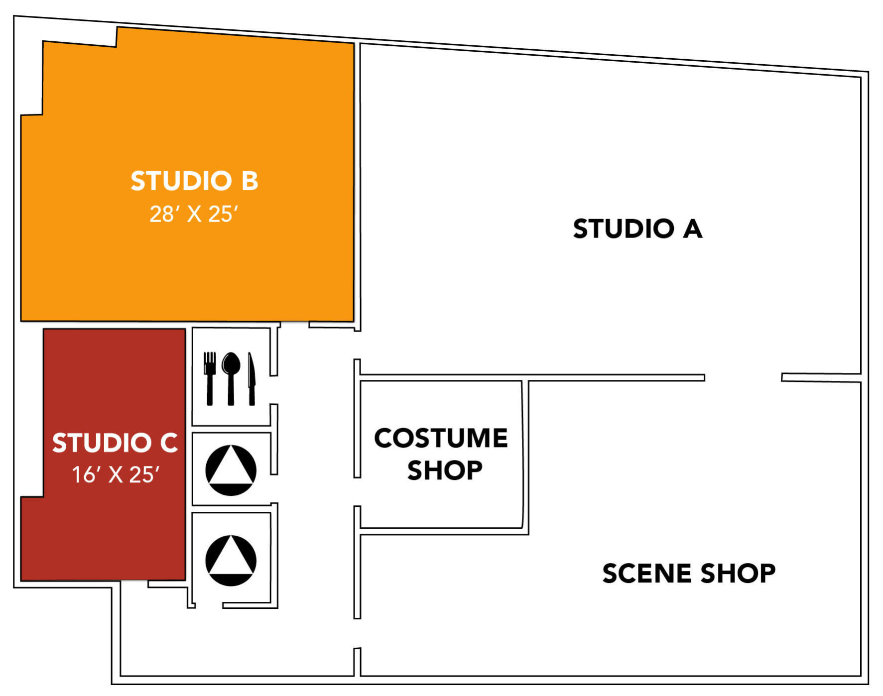 Both Studios include access to the kitchenette and spacious restrooms, as well as easy access to parking, freeway, and public transportation.
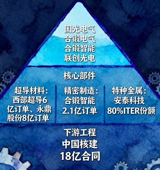 核聚变产业链像 “金字塔”,上游材料和中游核心部件最赚钱,优先选技术硬、订单稳的龙头:
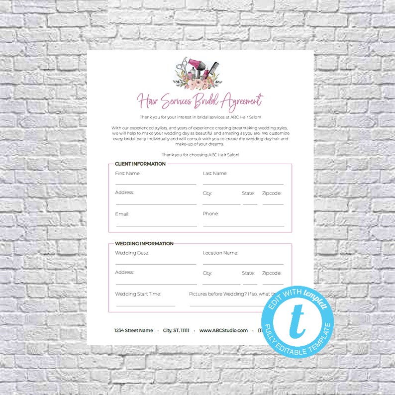 Hair Stylist Bridal Or Event Agreement Contract Template Templett Editable Printable Size 8 5x11 Mac Pc Instant Download
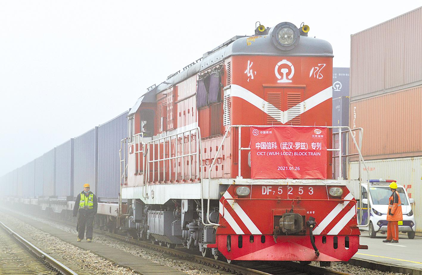 1月26日,满载通信产品的中欧班列从武汉开往波兰罗兹。 (湖北日报全媒记者 倪娜 通讯员 王遥遥 摄)
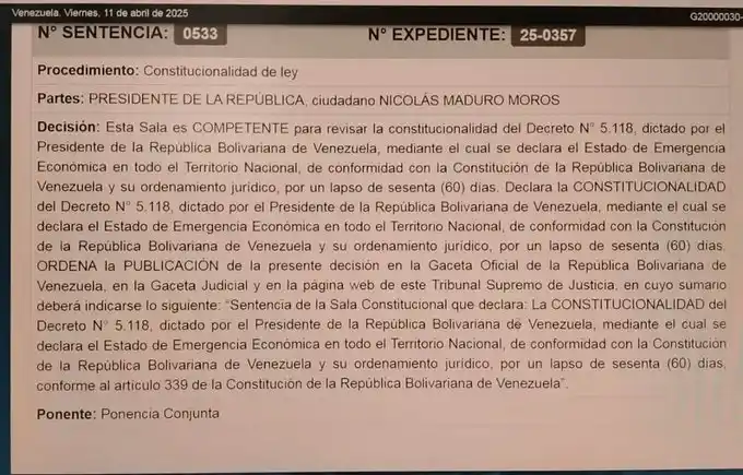 «La Sala Constitucional revisó la solicitud enviada por el Ejecutivo Nacional y, mediante su decisión Nro. 533, se pronunció, declarando la constitucionalidad del Decreto Nro. 5.118 dictado por el Presidente de la República Bolivariana de Venezuela, Nicolás Maduro Moros, a través del cual declaró el Estado de Emergencia Económica en todo el territorio nacional por un lapso de sesenta días (60), conforme al artículo 339 de la Constitución de la República Bolivariana de Venezuela», señala el texto.
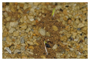 ちょっと後れて、もう一つのプランターも!。やった~!。まだまだ小さな芽だけど、とても大きく輝いて見えます^^。と言うことで、上記プランターと共に、住友液肥を約1000倍に薄めたものを、確信を持ってあげることができました^^。
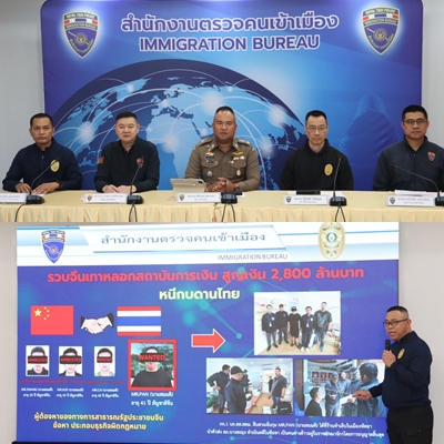 สตม.แถลงจับต่างชาติ 4 ราย หนีคดีกบดานไทย รวบจีนเทาตุ๋นสถาบันการเงิน 2,800 ล้านบาท -จับ 3 มังกรจีนหลอกเพื่อนส่งแก๊งคอลเซ็นเตอร์ -สืบตม.รวบหนุ่มไต้หวันหนีหมายจับคดียาเสพติด -จับหนุ่มแดนมะกะโรนีลักลอบนำเข้ายาเสพติดในบ้านเกิด
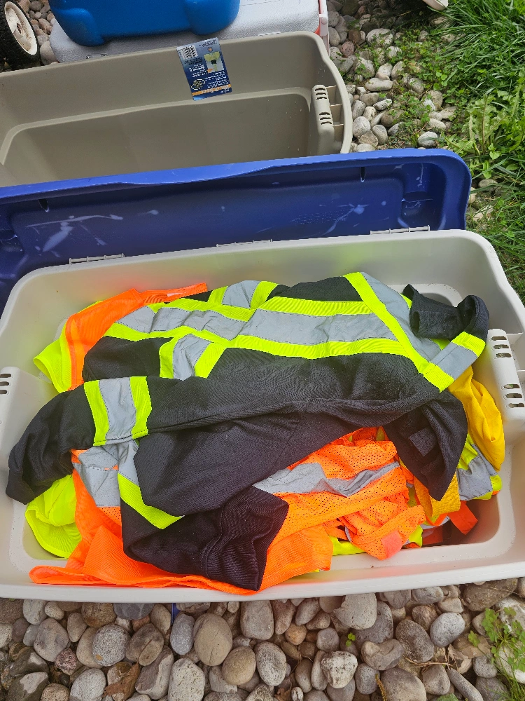 Selling a mixed lot of hi-visibility safety gear. Includes vests, jackets, and other items. Perfect for construction, road work, or any job requiring high visibility. All in good condition and ready for use!
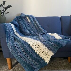 Soft crochet blanket in blue and white. 4.5feet by 4 feet. Perfect for adding warmth and style to any room.
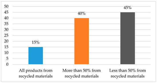 The survey of packaging manufacturers in Lithuania revealed that 60% of those who participated in the survey use recycled raw materials in their production processes. Nevertheless, the percentage varied for various packaging materials. It was 100% for metal and glass packages, as well as for other packages. It must be noted that the group of “other” packages consisted of one single company, producing “eco-friendly textile bags”, as they call them, and therefore is a specific and not representative case. For paper and cardboard packaging, 75% of manufacturers confirmed the use of recycled raw material. Manufacturers of plastic and PET packaging were divided into two separate groups. However, it appeared that there was no difference between PET and other plastics. The share of those who use recycled raw materials made 68% in both cases. In the case of composite packaging, companies using recycled and only primary materials were equally divided: 50% and 50%. Surprisingly, only 25% of wooden packaging produced from the recycled materials. Only a small proportion, 15%, of manufacturers produce their entire production from recycled raw materials. This means that manufacturers of packaging, who replied that they are producing from recycled materials, in fact also have packages produced from primary raw materials only. The proportion of those who produce less than half, and those who produce over half of their production using secondary raw materials, was similar, respectively 45% and 40%. Results are presented in Figure 1.
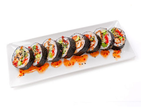 Тунец, перец халапеньо, салат айсберг, бекон, такуан, соус кисло-сладкий, кунжут

**Work instructions**.
Please return exactly the lines above, from where the listing starts to the line holding "สตม.แถลงจับต่างชาติ 4 ราย", inclusive, with the pictures omitted.

**Result of this exercise**.
 Both Studios include access to the kitchenette and spacious restrooms, as well as easy access to parking, freeway, and public transportation.
 核聚变产业链像 “金字塔”,上游材料和中游核心部件最赚钱,优先选技术硬、订单稳的龙头:
 Hair Stylist Bridal Or Event Agreement Contract Template Templett Editable Printable Size 8 5x11 Mac Pc Instant Download
 1月26日,满载通信产品的中欧班列从武汉开往波兰罗兹。 (湖北日报全媒记者 倪娜 通讯员 王遥遥 摄)
 «La Sala Constitucional revisó la solicitud enviada por el Ejecutivo Nacional y, mediante su decisión Nro. 533, se pronunció, declarando la constitucionalidad del Decreto Nro. 5.118 dictado por el Presidente de la República Bolivariana de Venezuela, Nicolás Maduro Moros, a través del cual declaró el Estado de Emergencia Económica en todo el territorio nacional por un lapso de sesenta días (60), conforme al artículo 339 de la Constitución de la República Bolivariana de Venezuela», señala el texto.
 ちょっと後れて、もう一つのプランターも!。やった~!。まだまだ小さな芽だけど、とても大きく輝いて見えます^^。と言うことで、上記プランターと共に、住友液肥を約1000倍に薄めたものを、確信を持ってあげることができました^^。
 สตม.แถลงจับต่างชาติ 4 ราย หนีคดีกบดานไทย รวบจีนเทาตุ๋นสถาบันการเงิน 2,800 ล้านบาท -จับ 3 มังกรจีนหลอกเพื่อนส่งแก๊งคอลเซ็นเตอร์ -สืบตม.รวบหนุ่มไต้หวันหนีหมายจับคดียาเสพติด -จับหนุ่มแดนมะกะโรนีลักลอบนำเข้ายาเสพติดในบ้านเกิด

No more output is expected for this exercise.